Hope this help you to explain Hi-Res music to your CD friends
Status
Not open for further replies.
May 8, 2024 at 9:04 PM Post #421 of 517
I have to read Amir's post a bit closer, I was in a bit of a hurty.....but going by your response....56% is a PASS because you have breached the threshold beyond random chance....given enough tests(n), given the probability and the confidence intervals. etc.



I'm not sure where you are getting one cannot take their time with these tests..., you just need n=160

Typical - you cherry picked from a post you didn’t bother to read. Good to know that you believe any single result from a Google search is an accurate representation of, well, anything. No need for validation or cross reference - someone on the internet posted something, so research complete…

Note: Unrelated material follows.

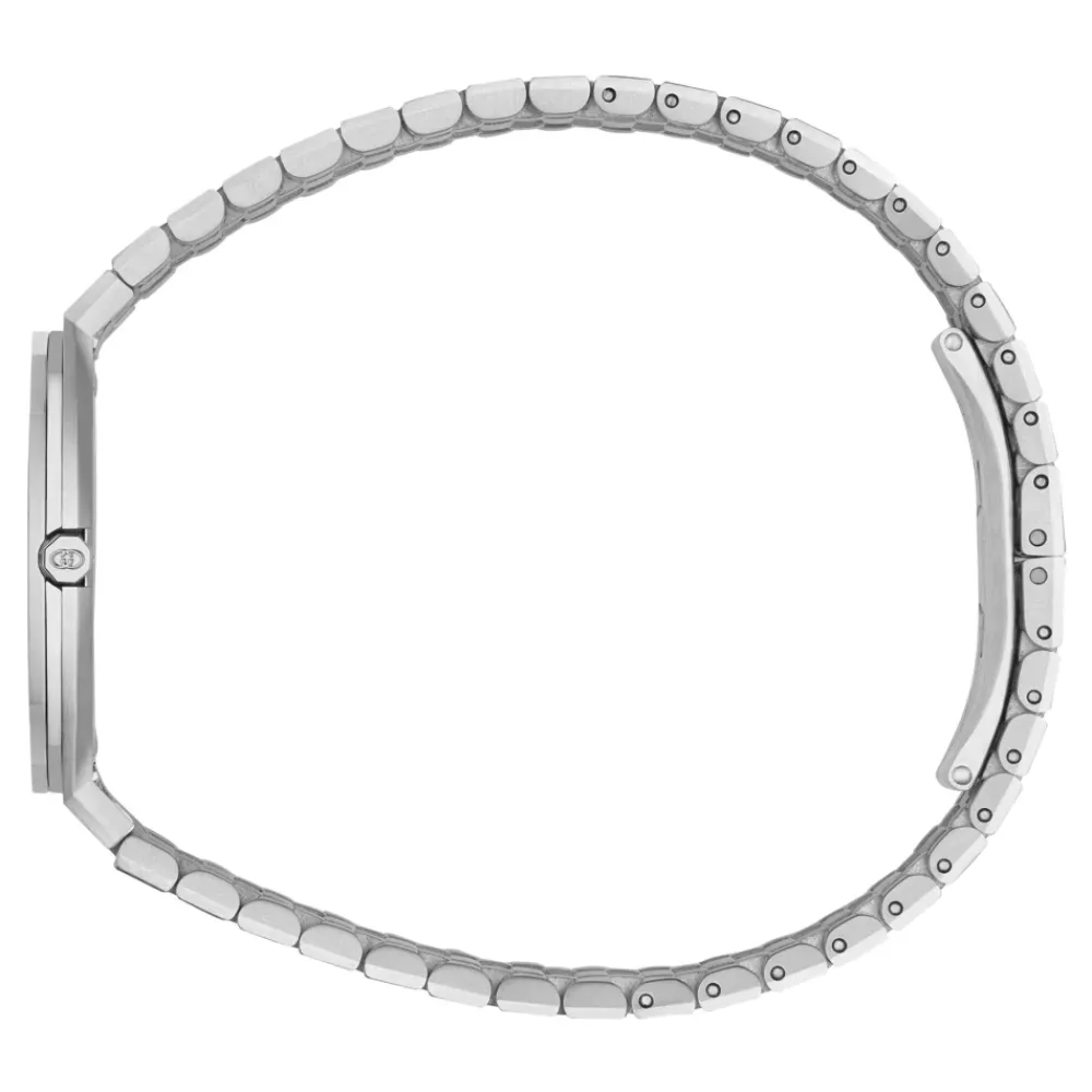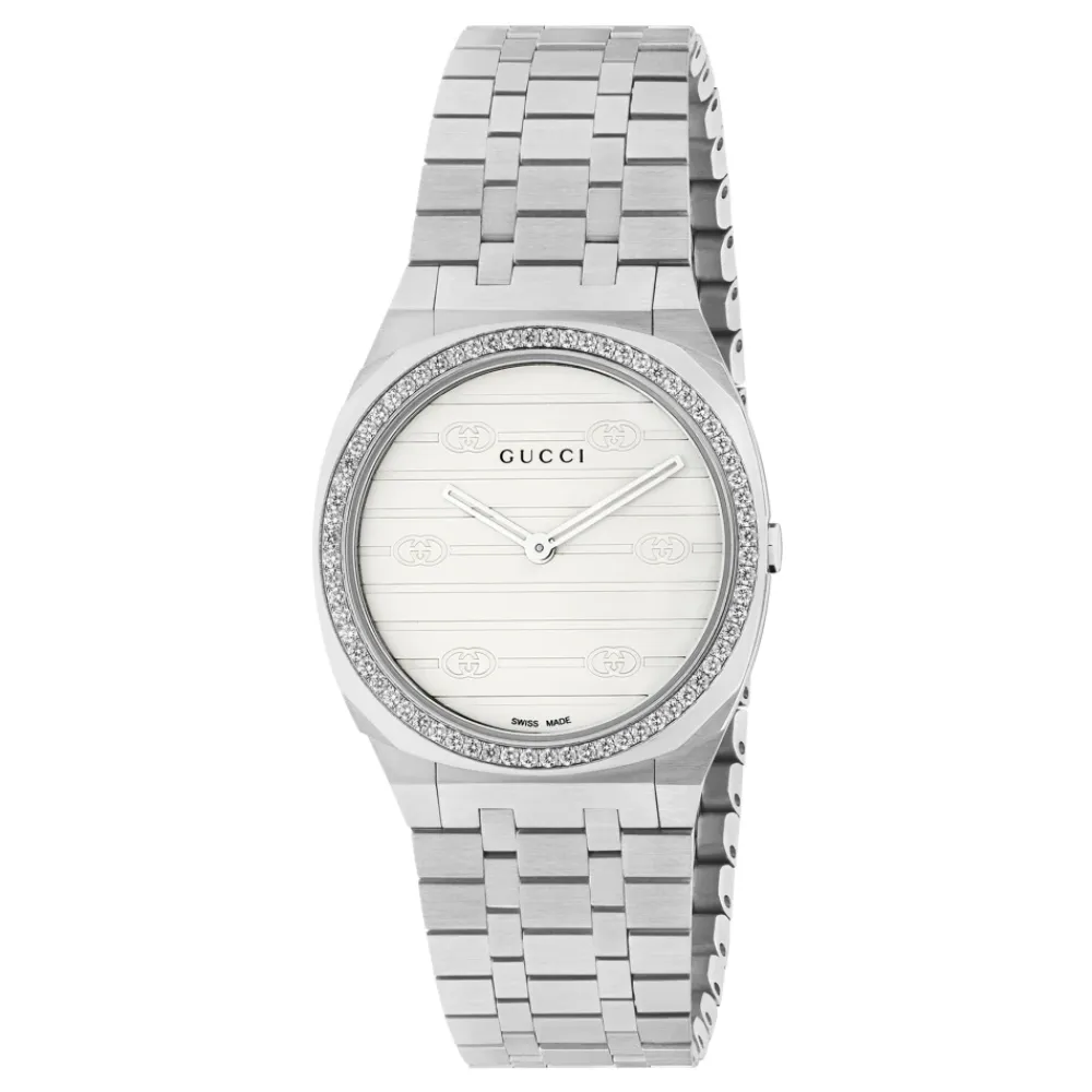 Løft din stil med Gucci 25H diamantbesat ur med rustfrit stållænke, der har et sofistikeret design med en diamantbesat urkrans og Interlocking G-motiv på en hvid messingurskive. Produkt detaljer: Sølv | Stål | Grå | Rustfrit stål | 3 ATM vandtæthed | 30 mm diameter | Safirkrystal | Stållås |
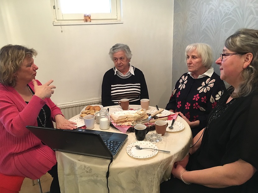 En riktig trivselträff med goda samtal och skratt! Den hembakade jordgubbstårtan avnjöjts och doggybags delades ut.

You can take all the time you want with an ABX but to be statistically relevant, the tests need to be done in a single sitting. 160 tests would require comparing a total of 320 individual samples (2 per test). I stand by my statement that few if any ABX test subjects have the stamina to accomplish that in a single session.

That said, please go ahead and have a properly proctored ABX session with 160 comparisons and share the results. Or take 16 properly proctored ABX sessions with 10 test per session and show that you can achieve an 80% or greater success in each of the 16 sessions.

Then repeat each at least 10 times to validate that a single 160 test session wasn’t a statistical aberration. 1600 data points might be enough to provide an interesting analysis.
 
May 8, 2024 at 9:05 PM Post #422 of 517
That is, it is your real experience so it is OK to tell me how well two components will synergise but at the same time you know (but don't say at that time) there is no basis in fact that there is any genuine synergy that could be confirmed by testing.

To me that is burying ones head in the sand and passing on factually incorrect information. That is assuming of course that it is portrayed as "fact" as is so often the case on HF. Nobody says they found that $1,000 cable X was fabulous with IEM Y because it looks cool and cost a lot so I imagined that they sounded incredible together.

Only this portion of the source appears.